What an ally! A friend that looks out for me and only me. A friend that has managed to keep me safe for 43 years on this beautiful planet. My memories of doubt's origin stories are faint. But as a father, I get to see my own origin reflected in the growth of my own kids.

My six-year-old son Quinn is beginning to meet doubt. It just happens to be in different areas.

"Dad, I am really excellent at Monkey bars."

Full truth. Full belief. Doubt nowhere to be seen.

But I see the doubt in his outstretched hand as we enter a new space with strange faces. Doubt is there to take care of him in this situation. Doubt and Dad to the rescue go hand in hand. He doubts strangers, which is awesome but does not doubt himself. What a marvelous combination. Doubt the dangerous but never your ability. This is a master lesson. This observation leads me to wonder when does doubt turns against us? Is it to protect our social status? Is it to prevent embarrassment? Where do the wheels come off?

I know school plays a part. I see it in the 18-year-old students that leave school. The wide-eyed Monkey bar legends are replaced with young adults who have let many possible pathways in life become overgrown and unavailable. I'm always deeply saddened by this. Speaking to my daughter's Prep teacher, I told her that my only goal for her at school was to leave school with the same spirit and zest for life. I actually chose more choice words than that. I don't want school to fuck her up as she is perfect as she is. And as a parent, I will fight tooth and nail to ensure that this happens.


Comparing Apples to Oranges

Mimicry plays a key part in our doubt. As our consciousness sharpens, we notice how we are different. Social media amplifies this. As we struggle through the awks of puberty, we want only to fit in. To be liked. So we wear the same clothes, display the same patterns of behaviour, and in general, sacrifice our uniqueness in a bid to blend into the fabric of friends and welcome community.

This makes doubt happy. Strength in numbers. One of the crowd.

But we are not the crowd. The call to give the gifts we were born to give keeps on calling. A calling that doubt looks to quell. A quelling using any method possible. Self-loathing. Harsh critique. Imposter Syndrome. Straight-up insults.

It is at this point that doubt goes too far. The thought attacks drive us to a standstill. We stop taking action on the things that light us up the most. I can attest to this. I have about four versions of this book written but have bailed at persevering due to doubt.

So how do we make friends with doubt?


Welcoming home the Loyal Soldier

In Wild Mind: A Field Guide to the Human Psyche, Depth Psychologist Bill Plotkin outlines a strategy to welcome home our Loyal Soldier, Doubt. To give you context, I'll share this excerpt from Wild Mind.

The image of the Loyal Soldier derives from a World War II epilogue.
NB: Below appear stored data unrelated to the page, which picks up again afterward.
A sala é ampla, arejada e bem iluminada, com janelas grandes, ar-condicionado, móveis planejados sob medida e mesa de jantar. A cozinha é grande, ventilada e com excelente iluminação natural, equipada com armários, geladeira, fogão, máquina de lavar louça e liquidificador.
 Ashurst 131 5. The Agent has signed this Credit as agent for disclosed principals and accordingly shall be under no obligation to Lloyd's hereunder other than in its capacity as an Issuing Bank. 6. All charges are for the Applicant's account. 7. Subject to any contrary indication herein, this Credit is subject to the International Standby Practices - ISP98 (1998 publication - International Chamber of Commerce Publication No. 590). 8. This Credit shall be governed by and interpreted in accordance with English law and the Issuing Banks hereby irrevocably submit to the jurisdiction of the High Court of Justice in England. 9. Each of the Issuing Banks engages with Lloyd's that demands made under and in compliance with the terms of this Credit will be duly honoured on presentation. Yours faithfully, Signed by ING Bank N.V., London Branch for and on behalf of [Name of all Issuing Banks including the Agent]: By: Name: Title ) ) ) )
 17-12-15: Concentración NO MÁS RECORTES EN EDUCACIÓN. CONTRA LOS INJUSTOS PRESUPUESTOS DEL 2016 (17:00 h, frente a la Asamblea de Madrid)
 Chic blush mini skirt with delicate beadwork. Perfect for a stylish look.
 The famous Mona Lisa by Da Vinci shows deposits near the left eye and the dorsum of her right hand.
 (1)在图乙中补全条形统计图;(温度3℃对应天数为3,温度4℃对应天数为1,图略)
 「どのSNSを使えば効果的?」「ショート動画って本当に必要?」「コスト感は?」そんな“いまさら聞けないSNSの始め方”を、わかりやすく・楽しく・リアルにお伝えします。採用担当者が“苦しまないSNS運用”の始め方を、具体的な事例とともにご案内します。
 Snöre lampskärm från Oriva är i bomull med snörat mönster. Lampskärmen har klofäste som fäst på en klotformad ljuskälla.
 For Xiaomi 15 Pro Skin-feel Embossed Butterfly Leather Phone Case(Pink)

Hundreds of Japanese soldiers who survived shipwrecks or plane crashes in the Pacific found themselves stranded, alone or in small groups, on uninhabited or sparsely settled islands. Several of these soldiers were discovered many years after the war had ended—one of them thirty-five years later! The most astonishing thing is that, when found, these men exhibited an extraordinary, perhaps fanatical, loyalty to their military mission. Unaware the war had ended, each one, upon being found, was ready to immediately return to the war effort. They were told, of course, the war was over and that Japan had lost. But this was literally unthinkable to them: the war could not be over because their loyalty to the cause was what had kept them alive all those years.
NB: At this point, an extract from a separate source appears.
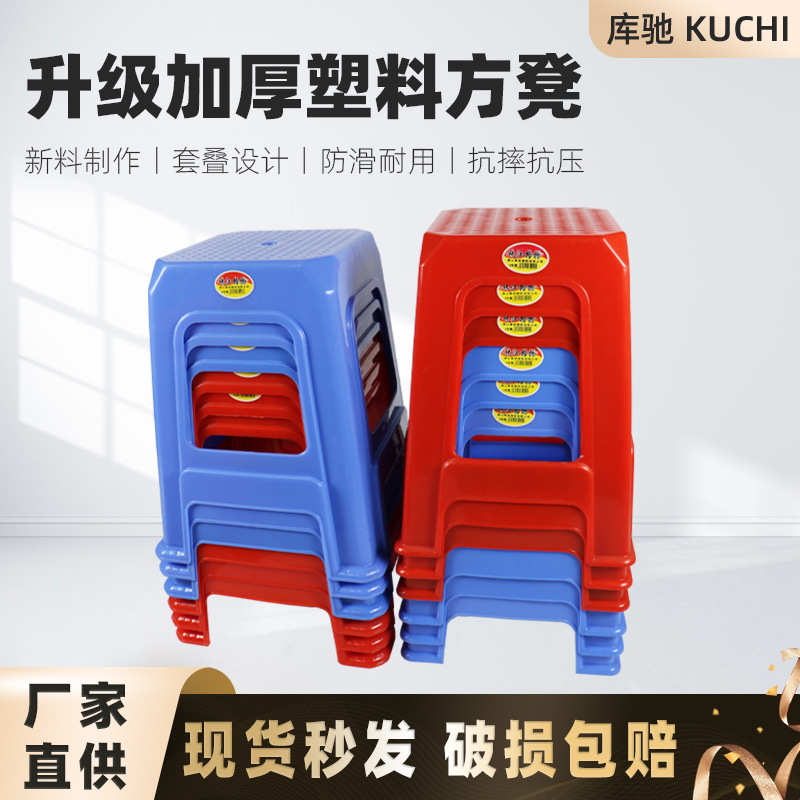プラスチック製の厚い椅子、宴会用、落下防止、赤いゴム、工場、夜市、屋台、家庭用、ハイフットスクエアスツール、高さのある椅子
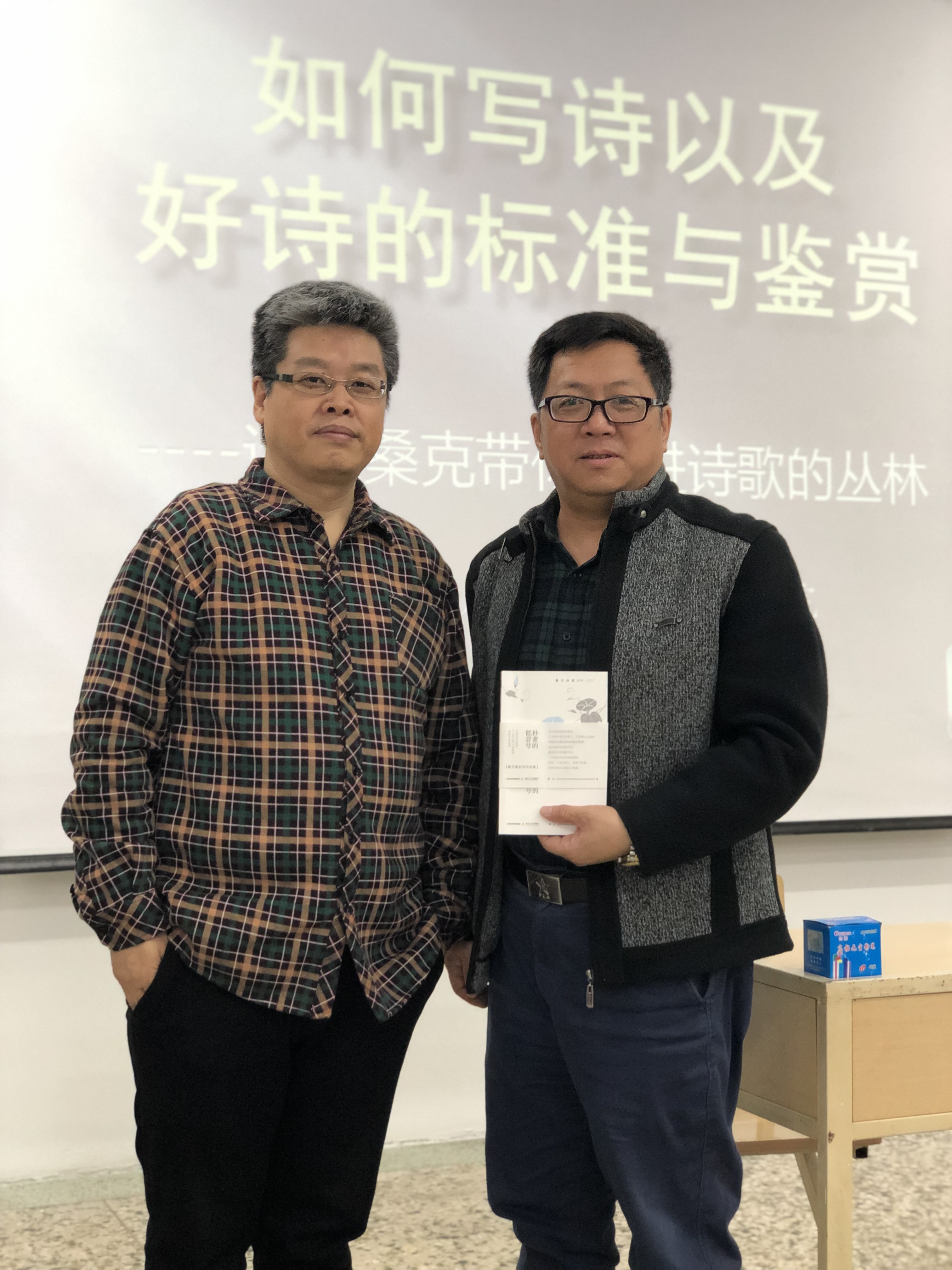讲座过后,文法学院龚宏院长首先代表文法学院对桑克老师的到来表示感谢。并表示桑克老师走进写作课堂为同学们带来了对诗歌创作与鉴赏的深层体会,对于年轻人来说是一个很好的学习机会。龚院长还深情地朗诵了一首桑克老师的新作,赢得了阵阵喝彩。

The rescued soldiers were welcomed home in Japan with great honor and celebration. The Japanese people deeply respected the soldiers’ capacity to sacrifice their personal agenda for a greater cause. Their sustained welcome as heroes eventually enabled the soldiers to reinvent themselves and to productively rejoin society.
Source: Wild Mind

Doubt is our loyal soldier. It fights valiantly for us. Always has. Always will. But we are not always under attack. We need to bring home this loyal servant. To do so requires pause and poise. It requires compassionate inquiry.

Am I truly under attack?

Is what I'm hearing truthful?

Can I notice the doubt and welcome home the loyal servant with open arms?

If we can pause in those moments of doubt, we can make peace with our old mate. Doubt will always be in the room. Just the mere presence is a sign that we're on the right track. Our work in progress is ensuring that doubt doesn't mute the sounds of our song.

For not singing the songs we were born to sing would be a greater atrocity than a little uncomfortableness.

So doubt, I thank you humbly for your service. For your continued service. But I'm ok. I'm safe. And I have a song to sing.